Disaster Hazards and Poverty Vulnerability Often Overlap



The ODI study estimates that up to 325 million extremely poor people could be living in the 49 most hazard-prone countries in 2030, the majority in South Asia and Sub-Saharan Africa. Most at risk of disaster-induced poverty: Bangladesh, Democratic Republic of the Congo, Ethiopia, Kenya, Madagascar, Nepal, Nigeria, Pakistan, South Sudan, Sudan and Uganda. Another 10 countries have high proportions of people in poverty, high multi-hazard exposure and inadequate capacity to minimize the impacts: Benin, Central African Republic, Chad, Gambia, Guinea Bissau, Haiti, Liberia, Mali, North Korea and Zimbabwe. Afghanistan, Cameroon, Myanmar, Niger, Papua New Guinea, Somalia and Yemen also endure high exposure to hazard and moderate poverty. India – the country where the highest number of the world´s poor people are projected to live also by 2030 - needs to be treated as a cluster of separate sub-national entities. Some states cause considerable concern, including Assam, Madhya Pradesh, Odisha, Uttar Pradesh and West Bengal.

These scenarios are not compatible with the goal to eradicate extreme poverty by 2030. The ODI study provides evidence “that if the international community is serious about eradicating poverty by 2030, it must put disaster risk management at the heart of poverty eradication efforts. Without this, the target of ending poverty may not be within reach”. Consequently, regardless whether or not the more optimistic end-of-poverty scenarios so popular these days will materialize (discussed here), there is thus convincing evidence that the soft-finance windows of multilateral institutions target projects to deal with natural disasters and poverty simultaneously.
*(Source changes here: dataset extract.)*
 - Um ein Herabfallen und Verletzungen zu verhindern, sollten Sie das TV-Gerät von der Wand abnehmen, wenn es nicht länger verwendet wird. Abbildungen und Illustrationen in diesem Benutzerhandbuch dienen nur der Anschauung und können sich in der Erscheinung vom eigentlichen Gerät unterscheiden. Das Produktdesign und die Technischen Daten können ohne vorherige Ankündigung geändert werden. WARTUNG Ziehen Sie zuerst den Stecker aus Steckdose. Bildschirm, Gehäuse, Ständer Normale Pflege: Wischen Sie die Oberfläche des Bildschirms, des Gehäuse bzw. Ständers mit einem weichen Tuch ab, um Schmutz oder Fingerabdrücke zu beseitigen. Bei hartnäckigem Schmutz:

 In the absence of first-best solutions, such as an effective UN climate change convention, multilateral institutions and development agencies can provide second-best solutions by compensating for the lack of global agreements for sharing the burden to provide for global public goods. True, there is opposition to entrust the regional development banks (and development agencies) with global public goods, for the fear that such an assignment might further tilt the incentives of our political leaders toward ignoring climate change and other global public ills. But the multilateral development banks are appreciated for their ability to provide effective financial and technical services. These capable global institutions that can provide long-term finance to meet critical physical and social infrastructure needs regionally and globally and they can serve as critical knowledge hubs. “…it would be folly to let the currently still considerable institutional and financial strengths of the MDBs wither away”[1].
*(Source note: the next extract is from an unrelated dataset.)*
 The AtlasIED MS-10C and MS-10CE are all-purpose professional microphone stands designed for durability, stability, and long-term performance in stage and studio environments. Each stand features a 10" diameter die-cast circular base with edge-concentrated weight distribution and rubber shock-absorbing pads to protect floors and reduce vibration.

How then to open the windows of multilateral concessional finance? What are the feasible, cost efficient and least disruptive operational options? A good list of alternatives has been discussed for IDA at the Center for Global Development by The Future of IDA Working Group led byTodd Moss[2]; the list is modified, commented and extended below:

  • Turning MDBs into global/regional public goods facilities. The facility would either replace or operate alongside traditional CF disbursement, to tackle global problems of particular relevance to poor countries—even if the expenditure has to take place outside of those countries. Such an approach would take advantage of existing replenishment mechanisms and leverage the MDBs´ role as a manager of international funds. It may also be a way to engage new donors. But I see two major objections to a departure from country-based CF embedded in the CDG proposal:

  1. Chronic poverty will persist as long as the rise of within-country inequality is not stopped or even reversed, a point forcefully stressed by Edward and Sumner (2013)[3]. The main action to achieve greater equality is at the national level, either through the tax system or through social transfers.
  2. Funding for GPG-related benefits tends to be viewed with skepticism by partner governments as they worry that correspondingly less money will be made available for conventional poverty reduction.
  3. Challenge to define a performance-based allocation mechanism. In any case, to the extent that the remaining CF-eligible countries are mostly fragile and (post)conflict, a performance-based allocation mechanism such as used for IDA with the Country Policy and Institutional Assessment (CPIA) becomes ineffective.
     

  • Greening MDB projects. By using concessional finance to encourage low-carbon economic output, MDBs could continue carrying out their poverty alleviation mission but commit to doing it zero-carbon by specifically subsidizing energy efficiency and a sustainable-energy sector. MDBs could thus contribute to the green-growth agenda while maintaining poverty mandate and country-allocation systems[4]. Major objection:

  1. Places the geography of ´greening growth´ in poor countries while climate change and other disasters were caused by early developers in advanced countries. This objection can be attenuated by putting the emphasis on disaster mitigation, however.
  2.  Need for larger envelopes to compensate for additional cost of green projects as it  is more expensive to build a climate-friendly wind park than a conventional, fossil-fuel power plant of the same capacity, for example. Feil, Stumm and Zattler (2013) suggest that multilateral CF soft windows could cooperate with the Global Environment Facility (GEF, of which multilateral CF windows all are ´executive agencies´), to advance and integrate cost-benefit methodology of GPGs and for additional funding.
     

  • Explicit subsovereign lending allocation. MDBs could provide direct funding in grants or credits to local governments or even nongovernmental organizations in regions with per capita incomes below country-level eligibility thresholds, even if the country’s average income level is above the threshold[5]. To extent CF from national to subnational levels would help cope with disaster-related impoverishment that appears to have distinct within-country geography, being largely rural rather than urban. In particular India needs to be treated as a cluster of separate sub-national entities as the ODI study (op.cit: “The geography of climate change, disasters and climate extremes in 2030”) identified some states causing considerable concern, including Assam, Madhya Pradesh, Odisha, Uttar Pradesh and West Bengal. Objection: none. (At least I can´t think of any…).
     
    Whatever option MDB shareholders will choose when trying to open the windows of soft finance to increasingly deal with disaster-poverty hotspots in the future, expect a noticeable impact on loan-grant combinations in multilateral concessional finance. Future CF should be disbursed increasingly as grants, for essentially two reasons: first, creditworthy countries will graduate so that the role of soft loans will decline; second, the addition of natural disaster mitigation as a prime motivation for multilateral CF will only be accepted by partner governments when the grant element is raised, to reflect the advanced countries´ prime responsibility for climate change and its consequences. . This composition effect should require more, not less, funds – in contrast to most projections.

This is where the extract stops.